(urth) Re: urth-urth.net Digest, Vol 4, Issue 19

Iorwerth Thomas iorweththomas at hotmail.com
Sat Dec 11 11:32:09 PST 2004

>I'm sure I could find some easily among the nuns a many a parochial school
>(increasingly easily depending on the definition of "Creationist").

On reflection, the same is probably true of many an Anglican Sunday school 

>I don't
>consider this a put down (although I recognize that many think it is,
>Catholic or not). I know many educated intelligent Creationists of various

A friend of mine was (and is, as far as I'm aware) a Creationist Mormon - 
and he was one of the best educated and intelligent people I've met.  I 
still think that he's wrong, though :)  (And he was prepared to admit that 
the evidence was against him, which is fair enough.)  But there's no logical 
link between being a Creationist and being stupid; it may just be difficult 
to be one and an evolutionary biologist...

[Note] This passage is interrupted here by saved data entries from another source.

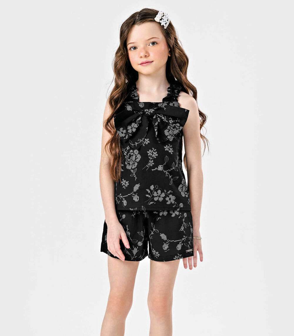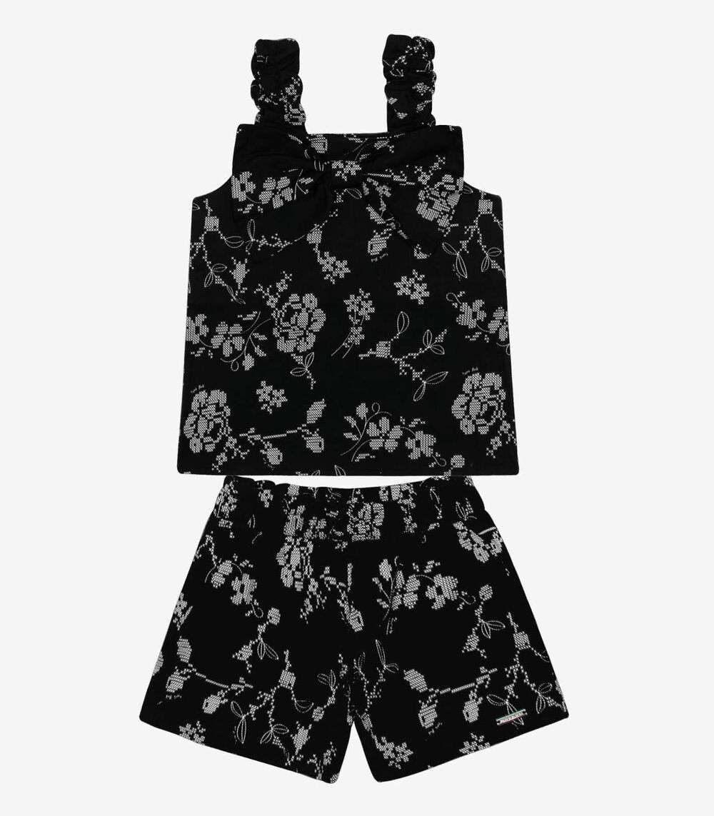 Conjunto Blusa E Shorts Popeline Floral Trick Nick Preto
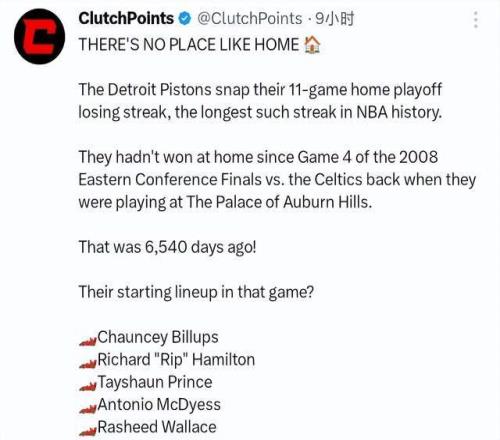 而憑借本場(chǎng)比賽主場(chǎng)取勝,活塞順利終結(jié)季后賽主場(chǎng)的11連敗紀(jì)錄;而他們上一次在底特律主場(chǎng)贏球,已經(jīng)要追溯到2008年季后賽,主場(chǎng)擊敗凱爾特人的比賽了。
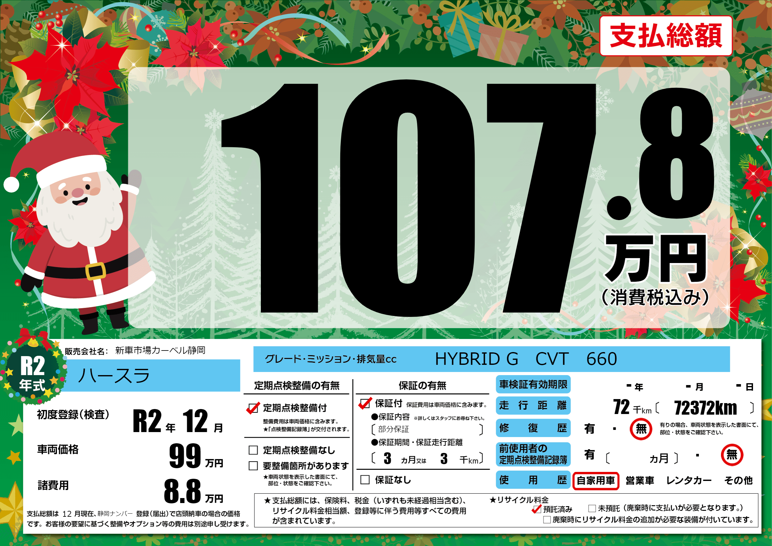 | 初年度登録 | R2年12月 | ||

I think that what originally got my goat was the suggestion that attempting 
to harmonise one's scientific and religous beliefs was not something that 
Protestants did, which is false - it also appeared to iilegitamately 
generalise over all the thousands of Protestant groups, which is a bit 
risky, since as well as Creationists, these various denominations and 
schools of thought include Anglicans (who don't agree on anything [1]) and 
liberal Protestant process philosophers (eg. David Ray Griffin), for whom 
evolutionary thought is an important part of their theology.


[1]  This is an empirical observation made by myself, as an Anglican.